Anstellung oder Handelsvertretung: der Unterschied, der alles verändert

Arbeitsvertrag oder Vertretervertrag nach § 84 HGB – zwei Angebote können identisch klingen und wirtschaftlich weit auseinanderliegen. Woran sich die Form erkennen lässt und was daran hängt.

7 Min. Lesezeit von Steven Schulz

Im Vertrieb stehen zwei völlig verschiedene Rechtsverhältnisse unter denselben Überschriften. „Vertriebspartner", „Kundenberater", „Vermögensberater", „Handelsvertreter (m/w/d)" – hinter jeder dieser Bezeichnungen kann ein Arbeitsvertrag stehen oder ein Vertrag über eine selbständige Handelsvertretung. Die Aufgabe ist ähnlich. Die Folgen sind es nicht.

Dieser Text erklärt den Unterschied und die Punkte, an denen er wirtschaftlich spürbar wird. Er ist eine Orientierung und ersetzt keine Rechtsberatung. Ob ein konkretes Vertragsangebot das eine oder das andere ist, entscheidet sich an seinem Inhalt und an der gelebten Praxis – im Streitfall helfen eine Fachanwältin oder ein Fachanwalt für Arbeits- oder Handelsrecht, die Rechtsberatung einer Gewerkschaft oder ein Verband des Handelsvertreterrechts weiter.

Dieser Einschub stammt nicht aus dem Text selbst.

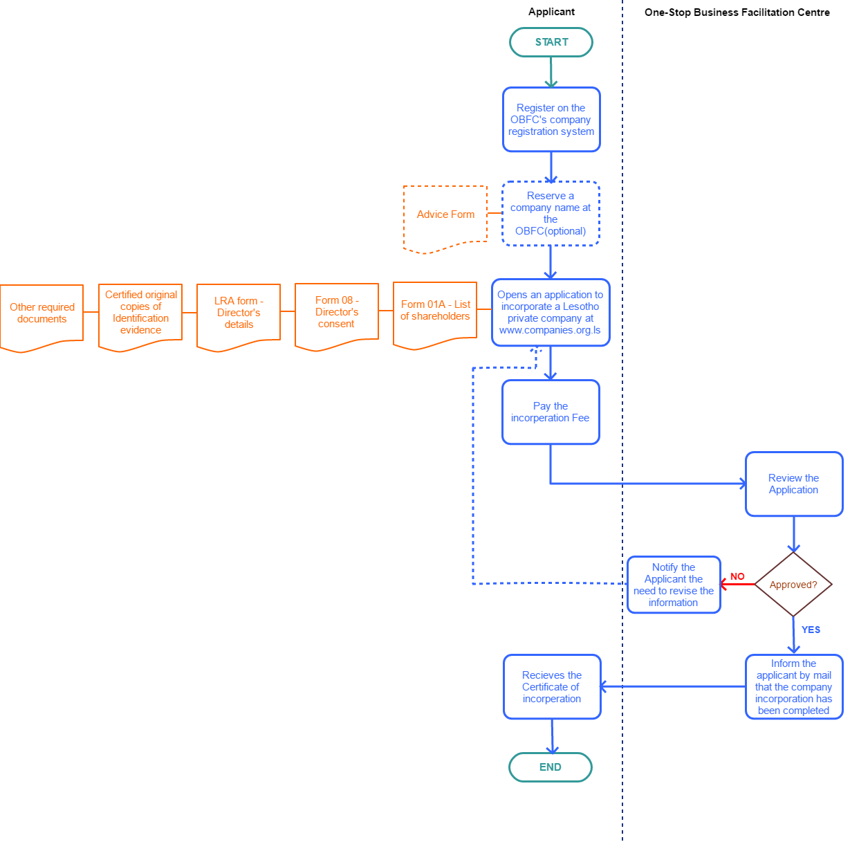 3. Name reservation is optional. It is done online at www.companies.org.ls. The payment can be done online by credit card or by a cash or debit card deposit at OBFC.

Die gesetzliche Trennlinie

§ 84 Abs. 1 HGB definiert den Handelsvertreter: ein selbständiger Gewerbetreibender, der ständig damit betraut ist, für einen anderen Unternehmer Geschäfte zu vermitteln oder in dessen Namen abzuschließen. Selbständig ist danach, wer im Wesentlichen frei seine Tätigkeit gestalten und seine Arbeitszeit bestimmen kann.

§ 84 Abs. 2 HGB zieht die Gegenlinie: Wer ständig betraut ist, ohne selbständig in diesem Sinne zu sein, gilt als Angestellter.

Daraus folgt der wichtigste Satz dieses Textes: Die Überschrift des Vertrags entscheidet nicht. Maßgeblich ist, wie das Verhältnis tatsächlich ausgestaltet ist. Wer Anwesenheitszeiten einhalten muss, Tourenpläne bekommt, an Pflichtbesprechungen teilnimmt, Berichte in vorgegebenem Takt liefert und keine eigenen Preise verhandeln darf, ist der Sache nach weisungsgebunden – auch wenn über dem Papier „freier Handelsvertreter" steht.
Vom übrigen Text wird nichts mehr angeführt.